Large-scale weak lensing convergence in nonlinear general relativity

Abstract

In this work we investigate the weak lensing convergence using an end-to-end nonlinear general relativistic framework. Combining numerical relativity simulations of large-scale structure formation with general relativistic ray-tracing, we compare our nonlinear calculation to the expectation based on perturbation theory for a set of 20 synthetic observers. We focus on large angular scales $\ell < 100$ across a broad range of redshifts with $0.05<z<3$. We confirm the importance of Doppler lensing for redshifts below $z\sim$0.6, as predicted by previous works. On average across our observers, linear perturbation theory predicts the nonlinear convergence to within 3-30% across all redshifts and angular scales we study.
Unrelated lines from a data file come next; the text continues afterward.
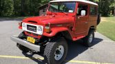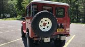 This 1982 Toyota Land Cruiser BJ42 is a left-hand-drive example that was imported into the US in the early 1990s from British Columbia, Canada, and has since spent time in Connecticut and New York. The truck is finished in red over gray and is powered by a 3.4-liter diesel inline-four paired with a four-speed manual transmission and a dual-range transfer case. Equipment includes an Aqualu aluminum tub, rear jump seats, locking front hubs, a cabin heater, a Tuffy center console, an aftermarket Pioneer stereo, an HFS 4″ lift, and a receiver hitch.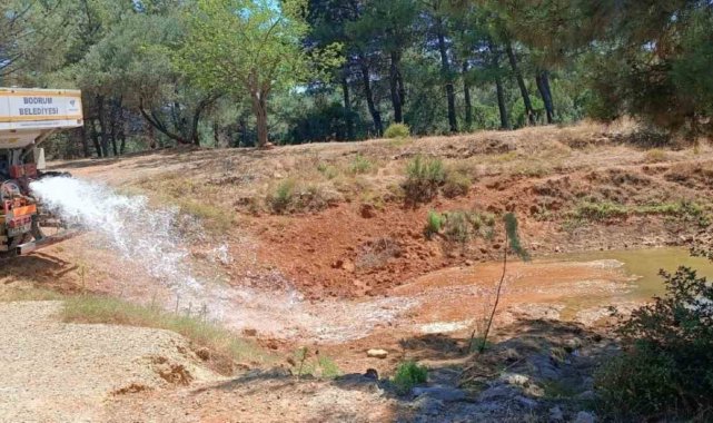 Bodrum Belediyesi, kırsal bölgelerde kuruma riski taşıyan göletlere su takviyesi gerçekleştiriyor.
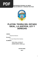 En su ascenso gradual hacia las ideas el alma debe recorrer todos los grados del ser, ascendiendo desde las imgenes hasta las ideas, pasando por los dos intermedios. (objetos fsicos y objetos matemticos). La naturaleza de los objetos matemticos Platn estaba convencido de que las matemticas no son invenciones de la mente humana, sino que existen fuera de ella y con independencia de ella. Las matemticas no tienen existencia en el mundo material, slo son copias imperfectas de lo que realmente existe en el mundo inteligible, abstracto y que slo se puede llegar a l por medio de la inteligencia. Los objetos matemticos son realidades inteligibles, eternas a semejanza de las Ideas. Los matemticos no inventan estos objetos (Triangulo, etc...) sino que los descubren por medio del pensamiento abstracto. Por esto los objetos matemticos presentan una naturaleza ideal e inteligible. Diferencias entre los objetos matemticos y las Ideas. A pesar de que los objetos matemticos son inteligibles y poseen caractersticos con las ideas, se diferencian de ellas en lo siguiente: Son realidades ontolgicamente inferiores a las Ideas pues son copias de ellas. Por ejemplo, los crculos inteligibles participan de la Idea de Circularidad. Los objetos matemticos admiten la pluralidad, mientras que cada Idea es nica, por ejemplo hay muchos crculos pero slo una Idea de circularidad. Tambin existen diferencias en lo que se refiere a la manera de conocer e investigar a unos y a otros: El matemtico estudia las entidades matemticas ayudndose de imgenes sensibles de copias materiales y visibles de esas cosas. Los filsofos, intentan conocer las ideas sin apoyarse en nada sensible, slo utilizan la inteligencia y el pensamiento abstracto. Adems los matemticos parten de hiptesis no justificadas. Son supuestos no demostrados extrados mediante razonamientos deductivos. Las matemticas no pueden considerarse como opinin, ya que no habla de cosas materiales y visibles, pero tampoco se considera conocimiento cientfico en sentido estricto, por eso recibe el nombre de pensamiento, algo intermedio entre la doxa y la episteme que tiene como objeto las Ideas. Cosmologa: el origen del mundo sensible Platn dice que la naturaleza parece apuntar hacia un orden, una armona y belleza perfectas que est ms all de ella y que no llega a cumplir. Para explicar el origen del mundo sensible y la cosmologa, ilustra el mito del Demiurgo, que ste es una inteligencia divina que orden la materia tomando como modelo las ideas, y que intent que el mundo sensible participara lo mximo posible del Ideal, pero an as es imperfecto por culpa de la materia. Antropologa, psicologa y tica Platn concibe al hombre como un compuesto de cuerpo y alma. Esto se conoce como dualismo antropolgico. 4
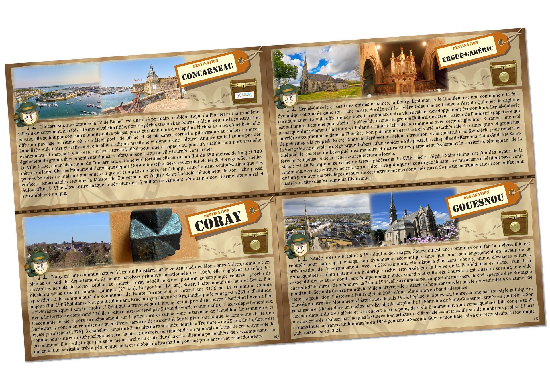 NOUVEAU: à l'intérieur du jeu, avec la règle, un livret permet d'en découvrir plus sur chacune des communes mises en avant dans cette version Finistère. Sur une 1/2 page, chaque mairie a rédigé son propre texte de présentation afin de vous parler en toute simplicité d'elle.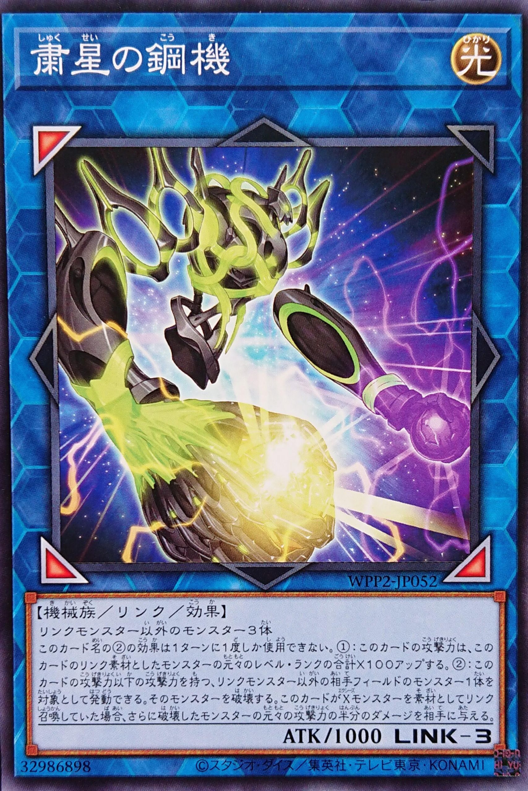 Note: This card’s name is 粛星 (Regulation + Star) and Steel Machine souds like “Law and Order/Discipline”.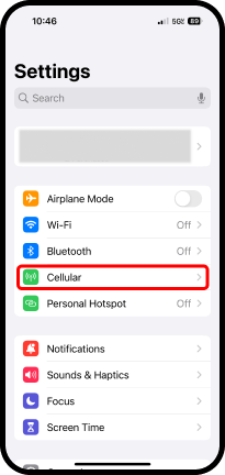 - En la pantalla Settings (Configuración), localice y toque Cellular (Red celular)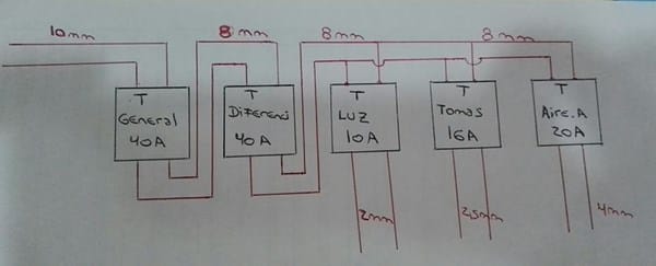 Y los cables que vayan debajo de un IGA de 40A tendrán que ser de (10mm2) (es decir el cableado del cuadro)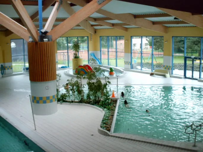 Cette piscine est dotée de deux bassins intérieurs de 25 x 10 m et de 12 x 10 m. Le petit bassin est équipé d'un bain à bulles et d'une pataugeoire.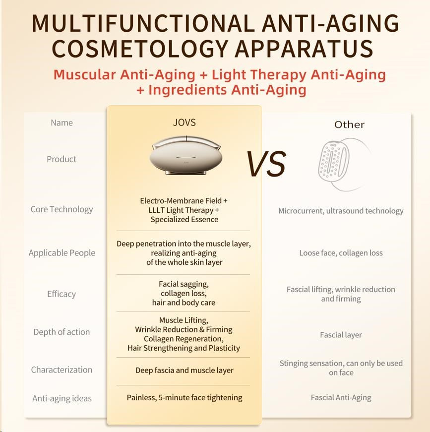 Väčšina kozmetických prístrojov sa zameriava len na dermis, teda na pokožku. Starnutie však začína hlbšie. Ak svaly pod kožou stratia svoju pevnosť, pokožka príde o svoju oporu a začne ochabovať a klesať – bez ohľadu na to, koľko kolagénu obsahuje. JOVS Slimax ako jediný využíva technológiu elektrických pulzných vĺn CET (Collagen Electrophoretic Techniques), ktorá vysiela signály priamo do svalovej vrstvy, stimuluje ich aktivitu a tým obnovuje pevný základ celej tváre.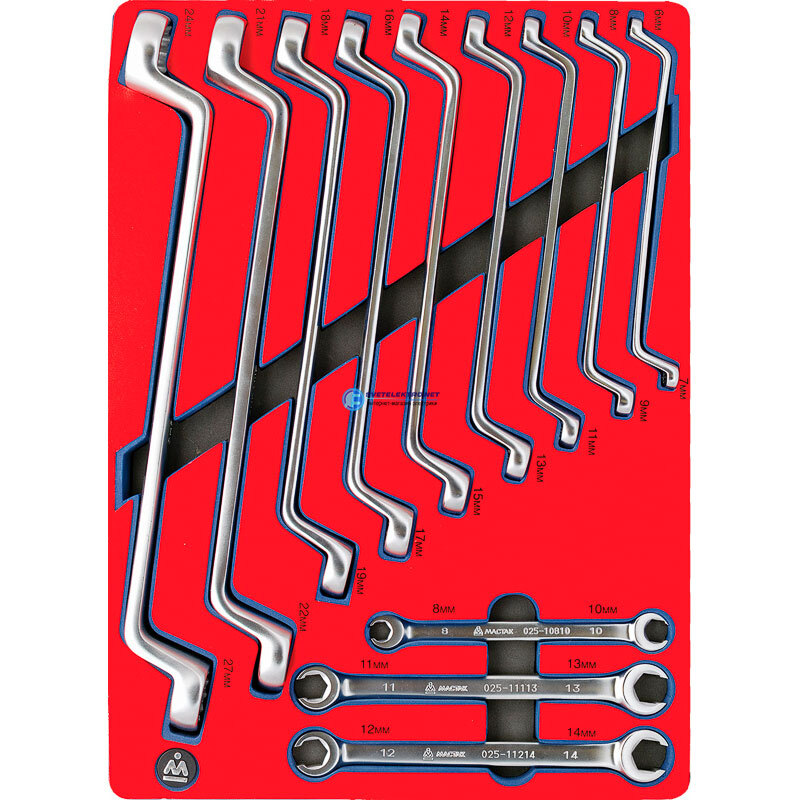 Набор накидных и разрезных ключей зеркальная полировка ложемент предметов, код 5-23112, производитель Мастак

In general, we find smaller angular scales are better matched by linear theory than larger angular scales. While we cannot definitively identify the source of the discrepancy, for our particular study of redshift slices on observers' light cones the differences are mostly below the level of cosmic variance.

Figures (15)

• Figure 1: Full sky maps of the nonlinear convergence (left columns), the linearised convergence from the density field (center columns), and the Doppler lensing (right columns) for three slices with mean redshifts $\langle z \rangle=0.5$ (top row) and $\langle z \rangle=1.0$ (bottom row). These maps are for one single observer in the simulation with $N=256$. Note the colorbar limits differ for the bottom right panel since the Doppler lensing signal is much smaller at higher redshifts.
• Figure 2: Standard deviation of fluctuations in the lensing convergence across the sky as a function of mean redshift. We show the nonlinear signal, $\kappa$ (blue solid curve), as well as the linearised contributions $\kappa_\delta$ (green dashed curve), $\kappa_v$ (red dotted curve), $\kappa_{\rm SW}$ (orange dot-dashed curve), and $\kappa_{\rm ISW}$ (magenta dashed curve). The difference between the nonlinear convergence and all of the combined linearised contributions is shown by a thin black solid curve. Each line represents the standard deviation across the sky averaged over 20 observers in the $N=256$ simulation. Shaded regions around each curve show the full range of variance across all observers.
• Figure 3: Angular power spectra (averaged over 20 observers) of the relativistic convergence $\kappa$ (solid curves), the density convergence $\kappa_\delta$ (dashed curves), and the Doppler lensing $\kappa_v$ (dotted curves) as a function of angular scale, $\ell$, for two slices with mean redshift $\langle z \rangle = 0.5$ (top) and 1.0 (bottom). The shaded regions show the range within which all 20 observers' power spectra fall.
• Figure 4: Angular power spectra of the nonlinear convergence (blue solid curves), linearised convergence from the density (green dashed curves) as well as all known relativistic contributions. The Doppler lensing is shown by the red dashed curves, the SW is the orange dot-dashed curves, and the ISW contribution is the magenta dashed curves. Top panels show the power spectrum averaged over all 20 observers with shaded regions showing the range of minimum to maximum over all observers. Bottom panels show the absolute difference in the power spectra when comparing $\kappa$ and $\kappa_\delta$ (dotted curves), $\kappa$ and $\kappa_\delta + \kappa_v$ (dashed curves), and $\kappa$ and $\kappa_\delta + \kappa_v + \kappa_{\rm SW} + \kappa_{\rm ISW}$ (solid curves). In the bottom panel, thick curves are the mean over 20 observers and thinner curves show individual observers, with red dot-dashed curves showing the cosmic variance limit as a function of $\ell$. Left panels show slices with $\langle z \rangle = 0.5$ and right panels show $\langle z \rangle = 1.0$.
• Figure 5: Redshift evolution of the relative difference in power spectra between nonlinear and linearised convergence. Solid curves show the difference when only including $\kappa_\delta$, dashed curves show the difference when including $\kappa_\delta + \kappa_v$, and dotted curves (left panel only) show the difference when including the SW and ISW contributions. Dot-dashed horizontal lines show the cosmic variance limit for the $\ell$ of the same colour. Left panel shows $\ell<10$ and right panel shows $\ell\geq10$.